How many desperate souls are there room for in me?
Right now: someone rests on dripping oars
while the patrol boat glides past in the dark.
And suddenly all is searchlight.

When I try to stitch together
one people’s split-open belly
the other people, moving shadows
threaten to cut off my hands.
How much do we have to forgive?
Right now: they are wading through a stream
in order to escape the scenting dogs
and the cries Kill! Kill! Their past
has just been run down.

I’m turned into a camp for refugees,
my brain into a muddle of gray shacks
nailed together by hope and terror.
But also the mutual hatred is there
like the latrine stench throughout the days.
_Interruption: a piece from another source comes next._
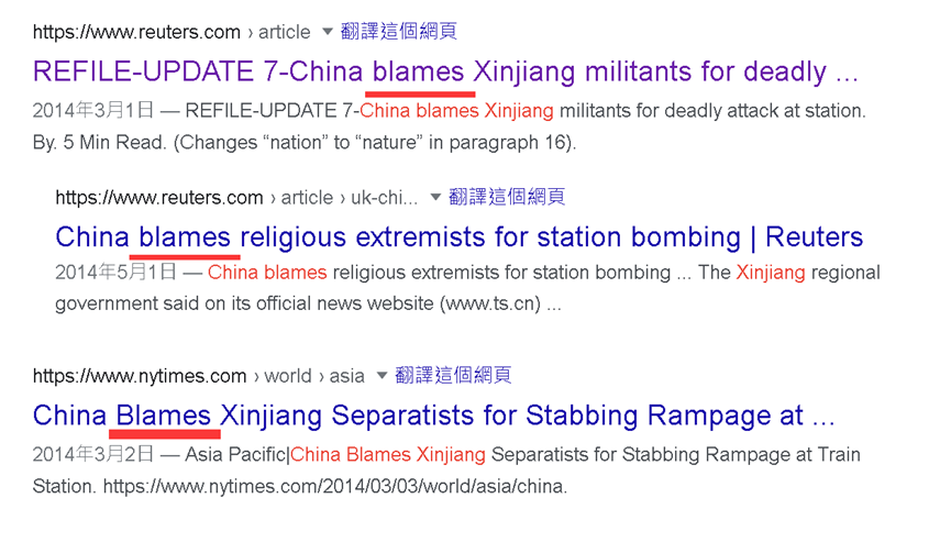 值得一提的是,这种表述此前曾被西方媒体广泛用于中国新疆发生的恐怖袭击报道上,比如2014年的昆明恐怖袭击事件发生后,路透社曾经打出“中国【责怪】‘恐怖分子’砍人”这样的标题——是的,他们当时还给那些实打实的恐怖分子打上了引号。

How can the half of the world that is burnt
be created anew in the part that was spared?
The smoke takes our reservations.
The smoke is full of faces
nothing but eyes and flight.


Chorus

Those who survived the Holocaust
were to meet here at Hotel Lutetia
where Rue de Sèvres crosses Boulevard Raspail.
That was our resistance against history.

The barracks were a language from Bavaria
that reduced us to hair and shoes.
Our burnt thoughts hung on the fences.
Sheets of heaven and landscape were gone
as was everything intelligible.
But our dream of a meeting beyond time
was left in the rags that were we,
squeezed together in filthy sleeping cribs.
Even we who were but burnt bones
dreamed of the distant day
when we would rise up, rattling,
and go to meet the others’ bones.

Now we are at last at the place agreed on
and see our people approaching from afar.
with steps that no longer burn.
But we don’t yet believe they are real,
not strong enough to recognize them.
Therefore we stare into the hotel window
to see them come in the reflection.
We must meet each other carefully
lest our happiness be too rapturous
for us who have missed it so long.
At last we walk toward each other, determined,
as if we scattered ones now gathering
wished to help the retarded Creation.

After a moment’s hesitation
a blackened fragment of a hand caresses
a temple missed far too long.
And smoke that may have been a child
is cuddled by smoke in the shape of a mother.